Excerpted data:

◇ ◇ ◇ ◇ ◇

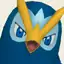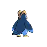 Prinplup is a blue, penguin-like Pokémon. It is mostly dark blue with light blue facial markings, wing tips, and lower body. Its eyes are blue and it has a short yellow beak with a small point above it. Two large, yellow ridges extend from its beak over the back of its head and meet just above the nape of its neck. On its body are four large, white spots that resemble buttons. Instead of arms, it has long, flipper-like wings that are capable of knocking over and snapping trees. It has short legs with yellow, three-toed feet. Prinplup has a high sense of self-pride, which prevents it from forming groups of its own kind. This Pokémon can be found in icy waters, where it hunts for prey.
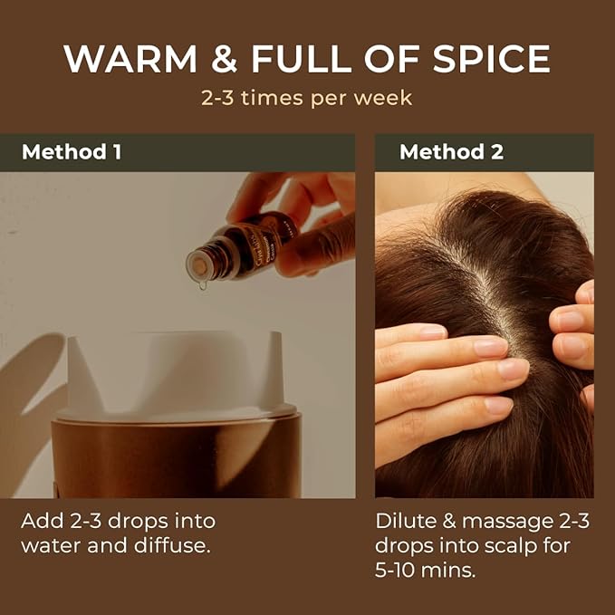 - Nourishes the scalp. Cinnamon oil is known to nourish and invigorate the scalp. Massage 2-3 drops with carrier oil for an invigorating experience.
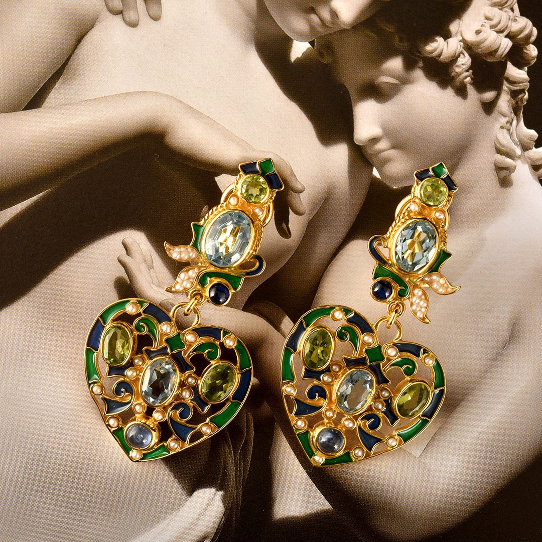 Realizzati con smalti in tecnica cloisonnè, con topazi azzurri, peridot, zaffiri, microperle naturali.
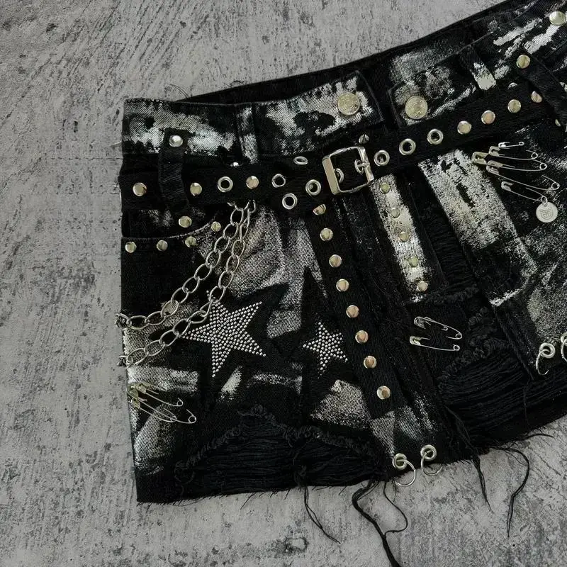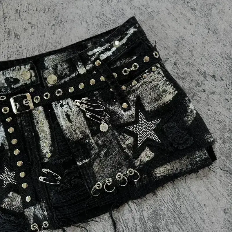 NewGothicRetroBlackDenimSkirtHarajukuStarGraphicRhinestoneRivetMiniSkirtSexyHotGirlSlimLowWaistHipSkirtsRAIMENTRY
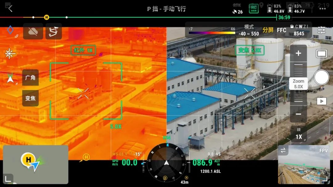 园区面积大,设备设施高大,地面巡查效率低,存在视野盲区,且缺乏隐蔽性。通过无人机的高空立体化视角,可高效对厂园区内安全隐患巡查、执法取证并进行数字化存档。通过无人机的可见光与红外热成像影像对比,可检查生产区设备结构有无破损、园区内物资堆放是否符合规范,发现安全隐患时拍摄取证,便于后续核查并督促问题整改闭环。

◇ ◇ ◇ ◇ ◇

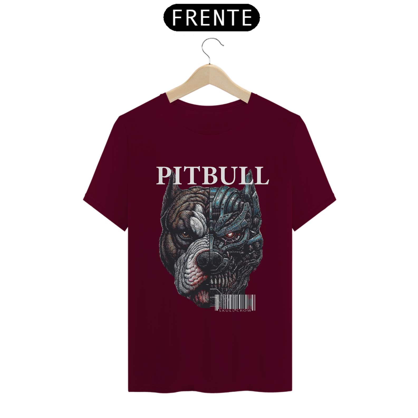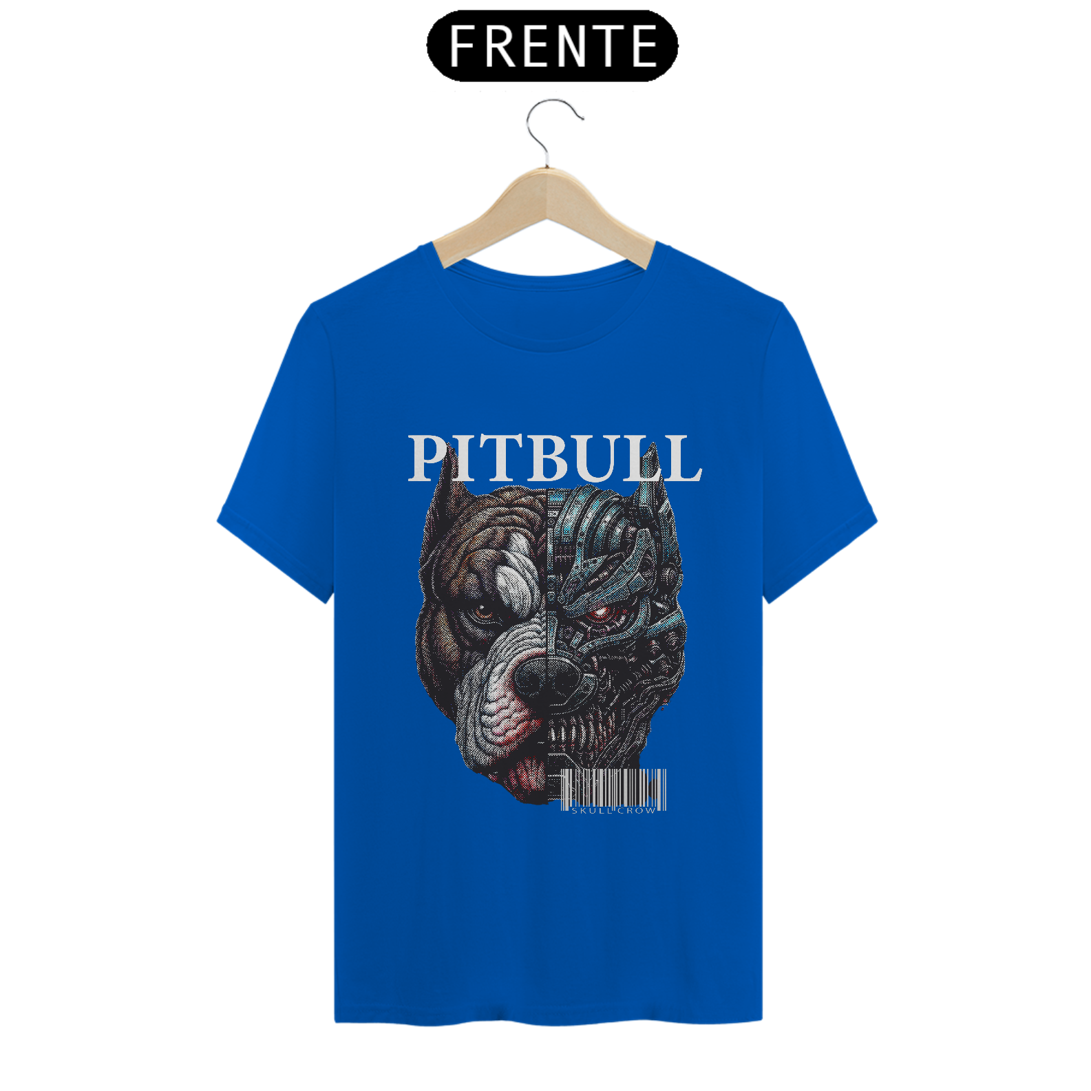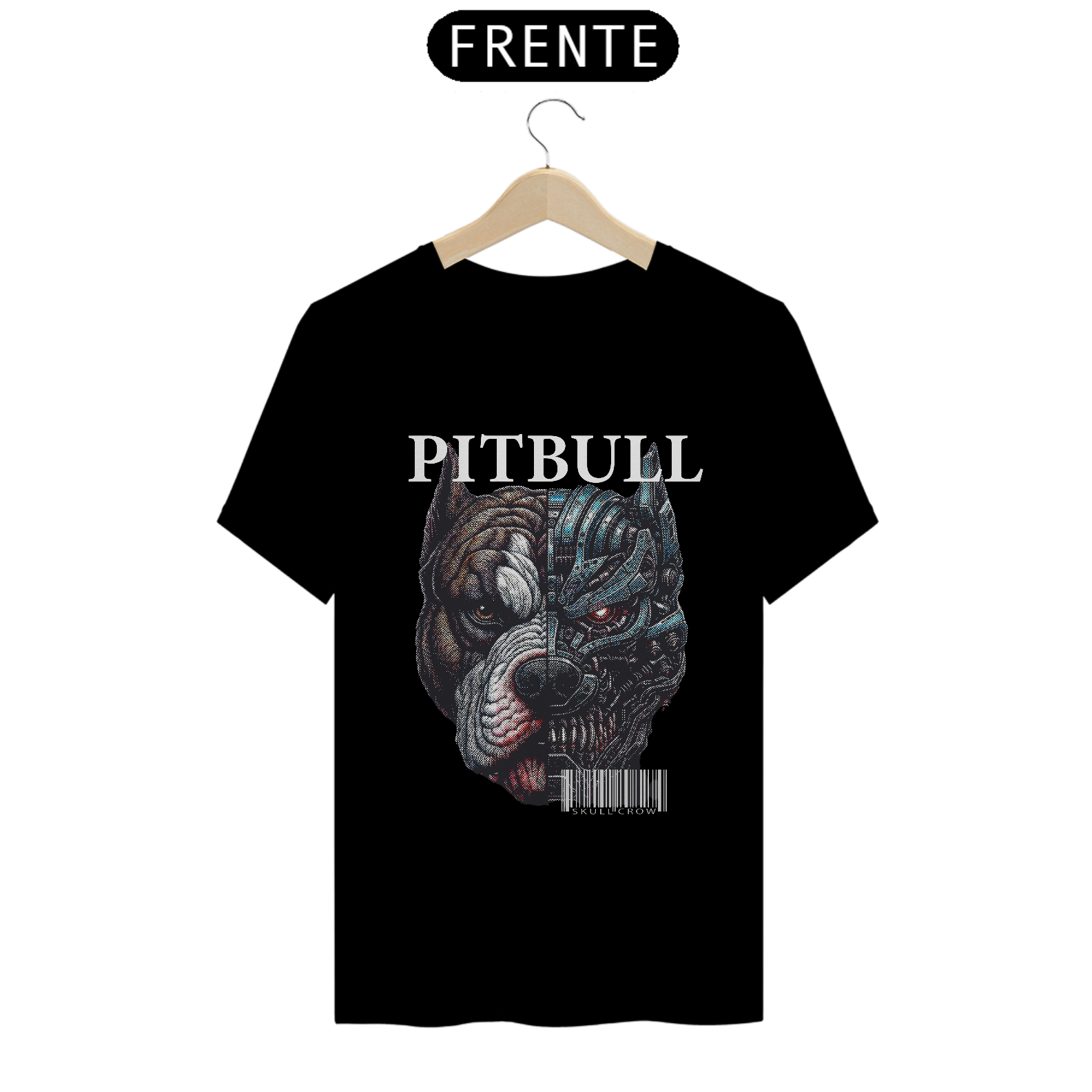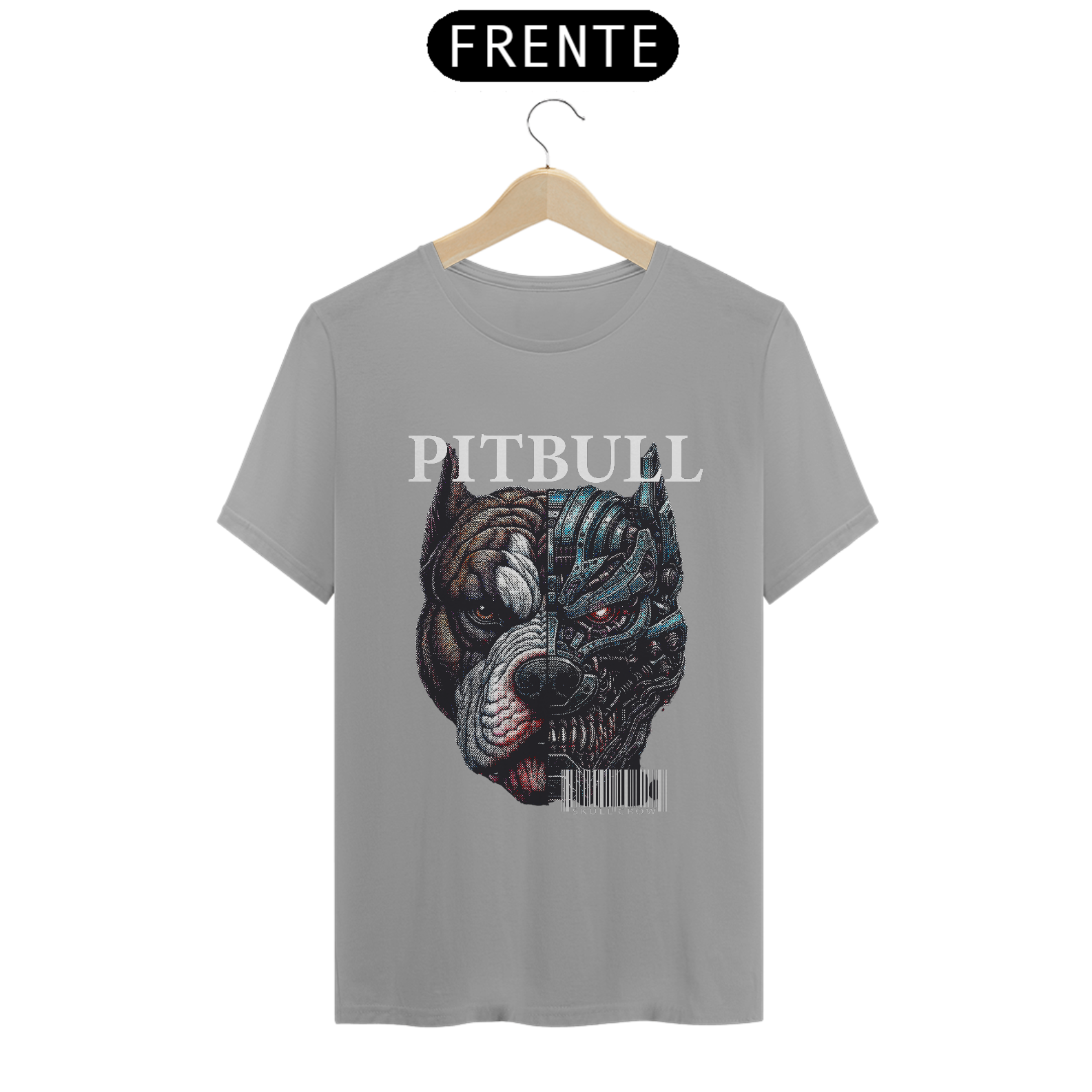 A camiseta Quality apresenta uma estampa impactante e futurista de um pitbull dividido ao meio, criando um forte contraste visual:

◇ ◇ ◇ ◇ ◇

Try it:
Quote the data above exactly from the line with "Realizzati con smalti" to the line with "园区面积大,设备设施高大,地", both ends counted, and nothing else. Pictures don't go in.

Worked solution:
 Realizzati con smalti in tecnica cloisonnè, con topazi azzurri, peridot, zaffiri, microperle naturali.
 NewGothicRetroBlackDenimSkirtHarajukuStarGraphicRhinestoneRivetMiniSkirtSexyHotGirlSlimLowWaistHipSkirtsRAIMENTRY
 园区面积大,设备设施高大,地面巡查效率低,存在视野盲区,且缺乏隐蔽性。通过无人机的高空立体化视角,可高效对厂园区内安全隐患巡查、执法取证并进行数字化存档。通过无人机的可见光与红外热成像影像对比,可检查生产区设备结构有无破损、园区内物资堆放是否符合规范,发现安全隐患时拍摄取证,便于后续核查并督促问题整改闭环。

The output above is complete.